Google does that for instance, if you hover on top of a search result it'll
look like a direct like to the website, however if you look at the HTML source
it looks something like this:

    
    
        <a href="https://en.wiktionary.org/wiki/test" onmousedown="return rwt(this,'','','','2','AFQjCNHdfeYp_b4PzYbkDh9qequUqhrOQw','','0ahUKEwjmkPK0qfrUAhVD2hoKHSc9DG0QFggwMAE','','',event)">test - Wiktionary</a>
    

So even though the href goes to wikipedia in this case if I click the link the
browser goes to a google page that then redirects me.

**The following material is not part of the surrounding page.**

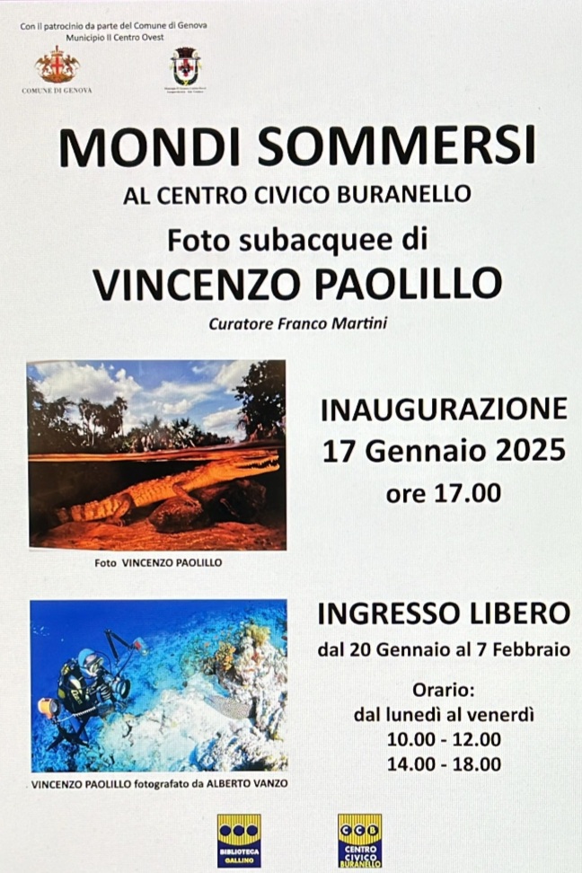 Evento patrocinato dal Municipio Centro Ovest; Raccolta di foto a tema marino che raffigurano diverse specie della fauna che popola gli ambienti subacquei, scattate dall’esperto in materia Vincenzo Paolillo, ex sub, che ci racconta le sue avventure ( e disavventure ), in giro per i fondali di tutto il mondo. Le foto sottolineano la bellezza dei tesori nascosti nei nostri mari, e la fauna multiforme e multicolore che li ospita.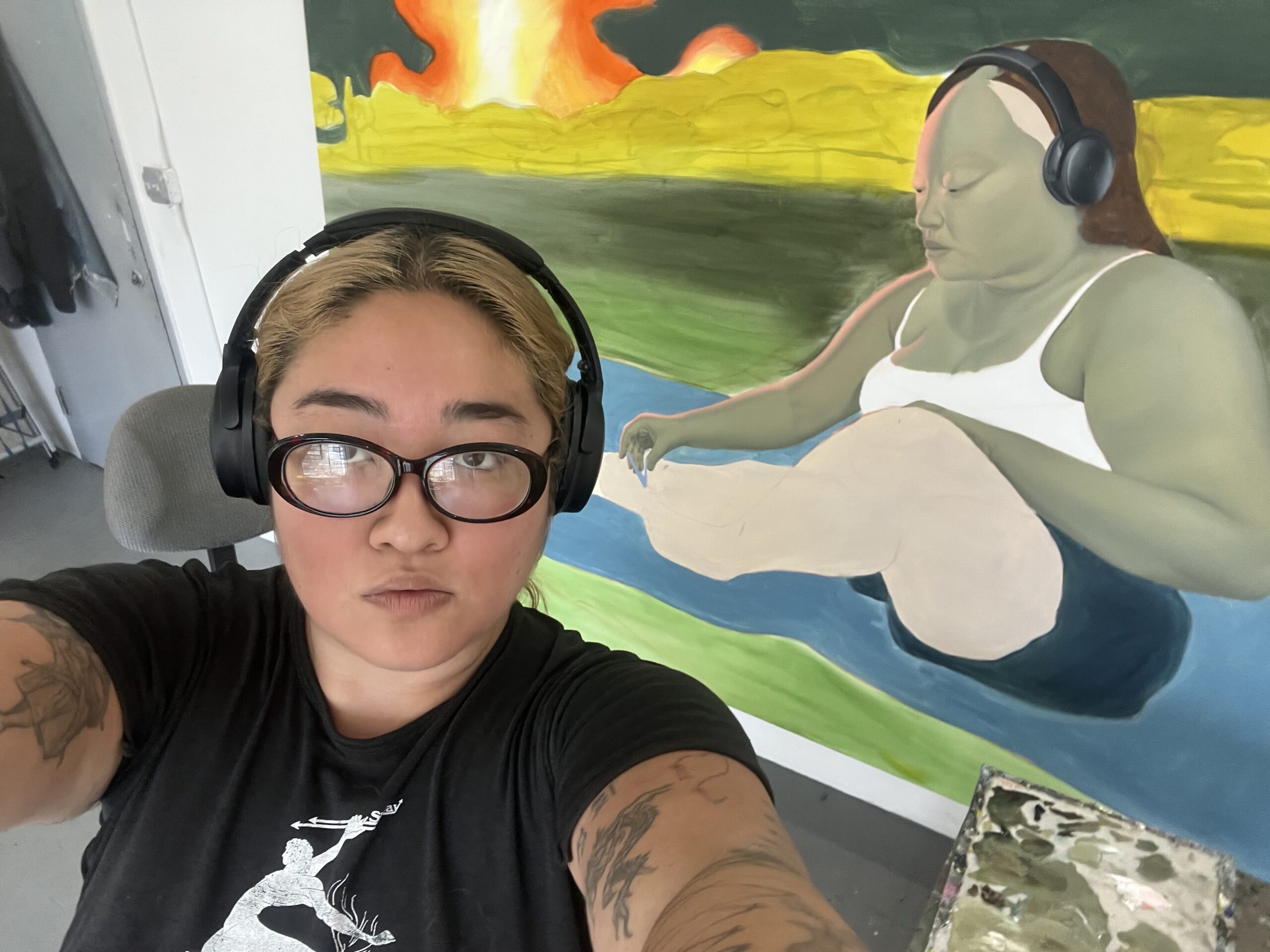 GORDON: Absolutely. I entered college and thought, “Okay, I can paint really realistically.” And then a bunch of professors were just like, “You’re not really painting about anything.” I mean, I think some people’s art who paint about nothing is amazing. But it just wasn’t me, and they could tell. So I really forced myself to think of what I wanted the work to be about and look like. At that time, I was still really insecure because I had just come from my hometown, which was not horrible, it’s just that it was really not diverse. I just didn’t connect really with anyone besides a few, and I had a lot of resentment toward my peers in school. I think being mixed–because my dad’s white and my mom’s Korean, I think my mom said I was white on the census or something. And I was like, “Wait, what?! So I guess I’m white now?”

You can see the real URL by right-clicking on the link and then hovering
again, it causes the "onmousedown" code to run and replace the href by the
real value.

Duckduckgo uses a "click" event handler instead. As far as I can't tell Bing
doesn't do anything and directly links the target website, which is odd. I may
be missing something.

------
robin_reala
Last time I was localising a service I ended up localising the the URLs as
well - if URLs should be readable they should be readable in the localised
language too right? Luckily there’s the RouteTranslator gem which made it
trivial:
[https://github.com/enriclluelles/route_translator/](https://github.com/enriclluelles/route_translator/)

------
seagreen
Absolutely true, and also a problem.

The fact of the matter is unskilled people are always going to be designing
websites. This is OK!

However, it does mean that we should require them to do as little as possible
so they have the best chance of getting it right. Asking them to design a
second UI right from the start on top of the first HTML/JS one -- and then
telling them never to change it(!) -- is a little much.

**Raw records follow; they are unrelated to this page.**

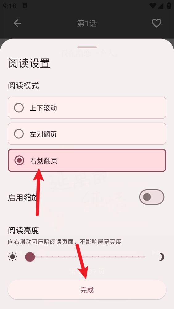 5、如上图所示,在当前页面挑选自己喜爱的阅读模式,之后点击底部的“完成”按钮就可以了。
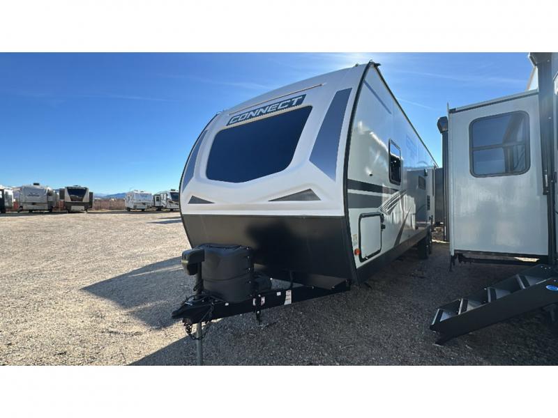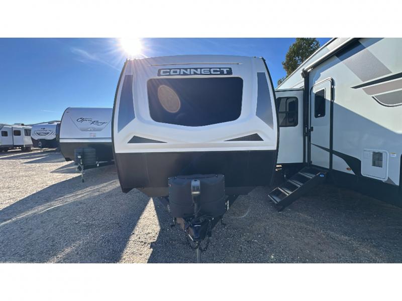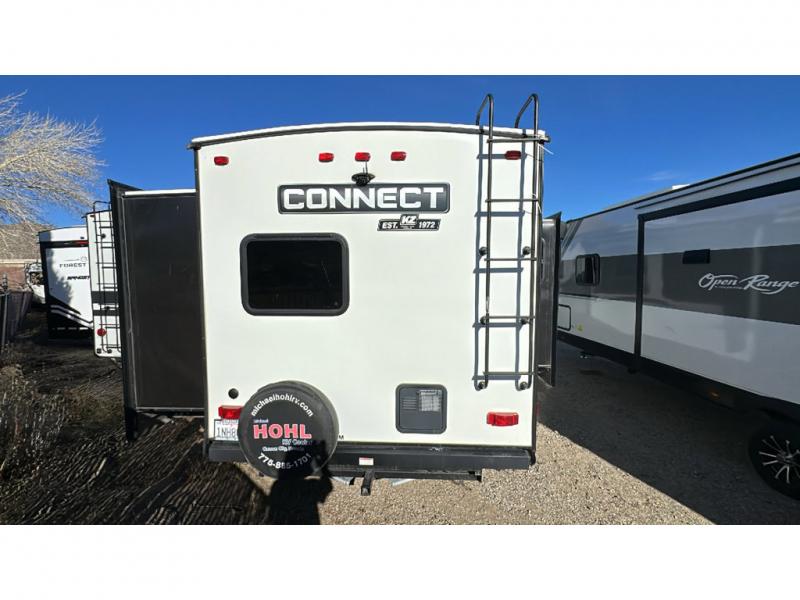 The KZ Connect travel trailer is a trailer with extreme style and creative floorplans! Wrapped up in a lightweight package, the Connect has gorgeous interior décor and a high-end fiberglass exterior. You will find a fiberglass front cap with front windshield, a power front jack, exterior speakers, a spare tire, Equa-Flex suspension, nitrogen-filled tires, a leash latch, and a heated, insulated, and enclosed underbelly, and that's just the beginning. There is still plenty more to check out, like the well-appointed interior that has a kitchen skylight, an HDMI/USB charging port, LED motion-sensor lights, an electric fireplace, and upgraded linoleum flooring.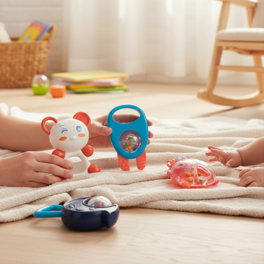 A különböző formájú és színű zörgők segítenek a mozgáskoordináció, hallás és tapintás fejlesztésében, miközben biztonságos szórakozást nyújtanak.

Instead of URLs, websites should have UUIDs to identify each resource. They
should also have metadata describing what that resource is. The metadata (eg
"articles/urls-are-uis") should be able to change without breaking links to
the resource. Browsers should be intelligent enough so that when you hover
over a link you see the metadata, not the UUID.

(This has one downside which if if you link to thing X and the UUID is later
changed to point to thing Y, it may look like you linked to something you
didn't mean to. This can be trivially fixed by including a "what the metadata
was when I made the link" field in links along with the UUID)

EDIT: I'm actually not set on UUIDs specifically, they're a little long. Any
random, non-meaningful identifier is fine.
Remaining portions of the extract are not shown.